Because the Board relies substantially on voluntary assistance from individuals to enforce and protect Section 7 rights, broad prescriptive language in a separation agreement that precludes the reporting of alleged violations or cooperation with an investigation of alleged violations has “coercive potential.” As a result, such language is unlawfully overbroad because “[s]uch an agreement has a reasonable tendency to restrain, coerce, or interfere with the exercise of Section 7 rights by employees, regardless of the surrounding circumstances.” Thus, “[w]here an agreement unlawfully conditions receipt of severance benefits on the forfeiture of statutory rights, the mere proffer of the agreement itself violates the Act, because it has a reasonable tendency to interfere with or restrain the prospective exercise of Section 7 rights, both by the separating employee and those who remain employed.” (emphasis added). If the rule were any different, according to the Board, it would create an incentive for employers to offer employees unlawful severance agreements and then “[o]nly if the employee signed the agreement, subjected herself to its unlawful requirements, and then came to the Board would the Board be able to address the situation, belatedly.”

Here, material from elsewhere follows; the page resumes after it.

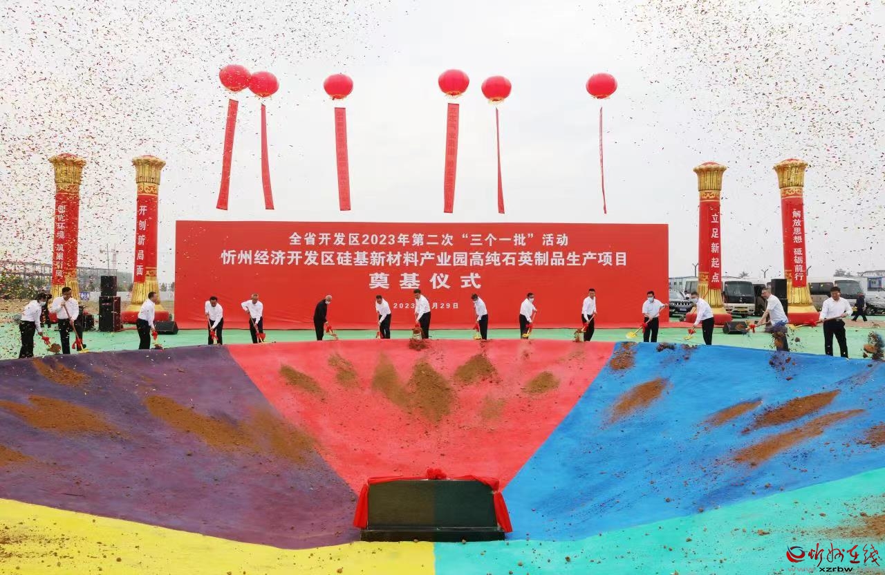 硅基新材料產(chǎn)業(yè)園高純石英制品生產(chǎn)建設(shè)項(xiàng)目奠基儀式現(xiàn)場(chǎng)。范濤 攝 此次活動(dòng)全市開發(fā)區(qū)共簽約29個(gè)項(xiàng)目,總投資92.55億元;共開工36個(gè)項(xiàng)目,總投資73.41億元;共投產(chǎn)21個(gè)項(xiàng)目,總投資23.51億元,涉及高端裝備制造、新能源、新材料、節(jié)能環(huán)保、現(xiàn)代服務(wù)業(yè)、現(xiàn)代農(nóng)業(yè)、基礎(chǔ)設(shè)施等產(chǎn)業(yè)。太忻一體化經(jīng)濟(jì)區(qū)忻州片區(qū)(含片區(qū)內(nèi)5個(gè)開發(fā)區(qū))共簽約29個(gè)項(xiàng)目,總投資138.8億元;共開工49個(gè)項(xiàng)目,總投資111.56億元;共投產(chǎn)43個(gè)項(xiàng)目,總投資49.78億元。

When examining the agreements at issue, the Board found the nondisparagement provision “substantially interfere[d]” with employees’ Section 7 rights in part because public statements by employees about the workplace are central to the exercise of Section 7 rights and, in this instance, any statement that the employer violated the Act, for example, was precluded. Moreover, the prohibition in the agreements was so broad that it had no temporal limitation and it applied to the employer’s parents and affiliated entities as well as their officers, directors, employees, agents, and representatives.
The Board found similar problems with the confidentiality provision in the agreements. The Board found that the prohibition against disclosing the terms of the agreement to any third person was problematic because such a restriction would reasonably tend to coerce an employee from filing an unfair labor practice charge or assisting with a Board investigation. The Board also took issue with the confidentiality provision’s prohibition on discussing the terms of the severance agreement with former coworkers and the union, which could limit their ability to offer assistance to employees in a similar situation in the future when trying to decide whether to accept the severance agreement.
The Board’s decision in McLaren Macomb is significant because it potentially limits an employer’s ability to include certain protections in a severance agreement (i.e., nondisparagement and confidentiality) without running the risk of being charged with an unfair labor practice charge. The Board’s decision in McLaren Macomb also potentially portends more back and forth on the issue concerning nondisparagement and confidentiality provisions in severance agreements, as the law on this issue has now changed multiple times in the last few years. In light of the potential limitations and uncertainty posed by the Board’s decision in McLaren Macomb, employers should consult with their employment counsel about how to handle severance agreements going forward.